Bernard Shaw said that all professions are a conspiracy against the public. To which I would add,many outrageously reactionary pubic sector unions which prevent efficient delivery of public services at a reasonable cost while featherbedding their members in jobs for life.
Some examples:
[]Only recently teachers unions agreed to allow schools to dismiss underperforming teachers without going through impossible procedural hoops,but better late than never. So for decades,for each teacher who should have been dismissed,the education of thousands of children was blighted. This is particularly damaging in primary schools where teachers have a class for the day.
[]According to a
P.ie poster today,the Irish nurses union weeps crocodile tears over inadequate patient services while making it nearly impossible to dismiss underperforming nurses and insisting on outdated work practices. This may have contributed to the fact that Ireland heads the league table internationally in terms of number of nurses employed per thousand people,with nearly double the number of France which has an excellent health service
Nurses employed : OECD: Number of nurses employed, per 1000, in selected countries, 2004 (interactive figure) - EUphact. If fewer Irish nurses were efficiently employed with introduction of computerised patient files and consolidation of hospitals into fewer,larger units,the reduction in the number of nurses could pay for expansion of the health services in areas like speech therapy,physiotherapy and drug rehabs. This criticism is not directed at hard working front line nurses but at the poor quality of nursing management impeded by outdated union work practices.
[]The ESB's union leader Brendan Ogle has threatened a strike if ESB is ordered to give its dominant portion of the retail power transmission grid to state owned Eirgrid. The government caved in to the threat while pretending to do a further study of the issue. As long as ESB controls the grid,foreign power producers will be very reluctant to build power stations, so the ESB monopoly is secure but at the expense of Ireland's future energy security. That monopoly allows ESB to pay plant operatives in its Dublin gas plants around €130,000 a year,incidentally an ungrateful lot who constantly bicker with management according to an ESB manager of my acquaintance.
[]Prison guards' manipulation of overtime is well publicised and it is probably still going on.
[]The Garda Siochana have allowed only about 10% of the admin staff positions to be filled by civilians compared to about 50% in Britain. Former minister of justice McDowell managed to get this changed but the pace of the change could be very slow as it is unlikely that deskbound gardai are going back on the street.
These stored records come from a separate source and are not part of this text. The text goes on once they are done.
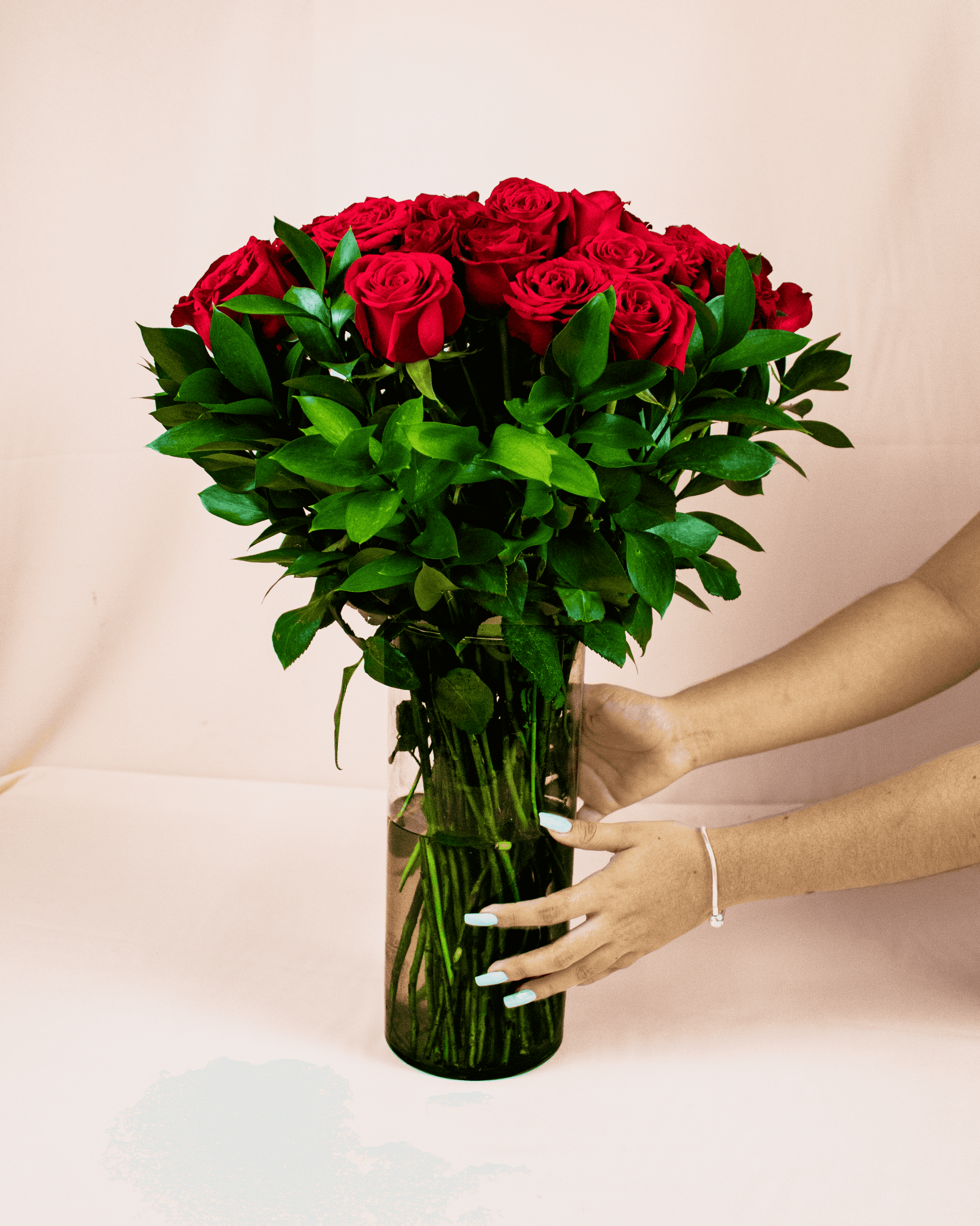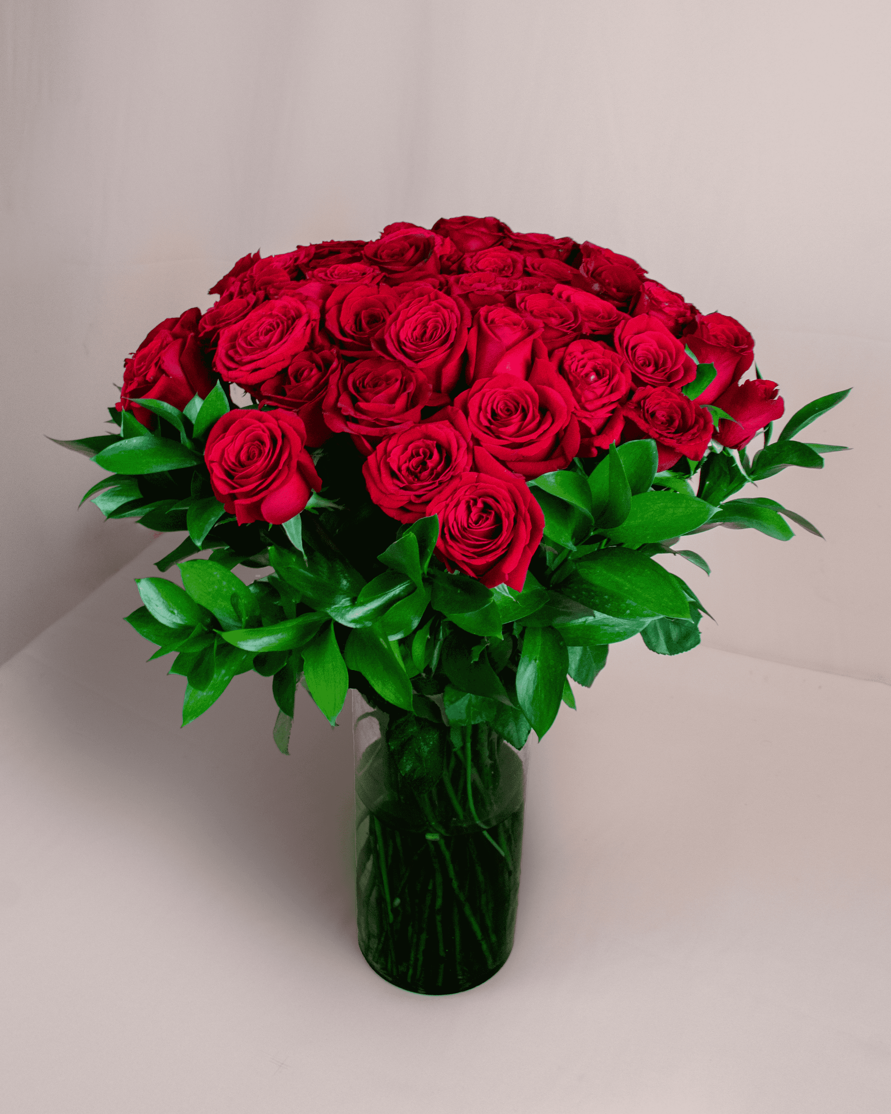 Clásico regalo floral que incluye un jarrón de vidrio con 50 rosas rojas.
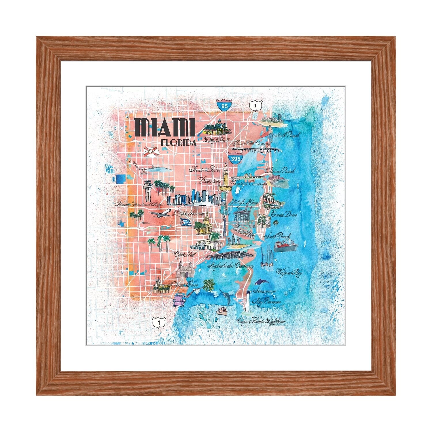 iCanvas "Miami Florida Illustrated Map" by Markus & Martina Bleichner
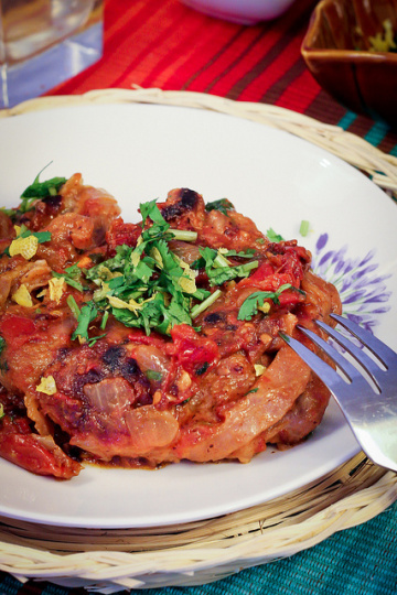 4. 加1罐头番茄块(我用的新鲜番茄+番茄酱代替)和2/3杯盒装牛肉汤,盐和胡椒调味,继续加盖小火焖1个半小时。中间要不时用铲子把汤汁浇到肉扒上。肉和筋都要酥软香嫩,但是不能散烂。
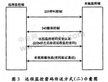 如圖3所示,在呼叫控制和媒體控制過程后傳送和驗(yàn)證遠(yuǎn)程監(jiān)控密碼的方式,具體過程如下:
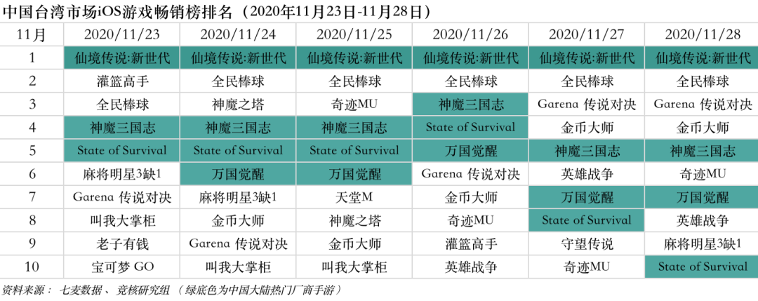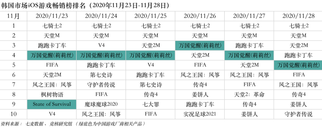 2020年2020年11月23日—11月28日韩国IOS游戏类畅销榜中,仅莉莉丝、FunPlus两家中国厂商旗下游戏上榜。

Of course,the government bears the ultimate responsibility for allowing trade unions to impose reactionary work conditions on the public sector but it very difficult for governments to stand up to them since unions are clever at representing themselves as defenders of the public interest. The Irish public which has a sentimental attitude towards unions should realise that what's good for the unions isn't necessarily good for the country.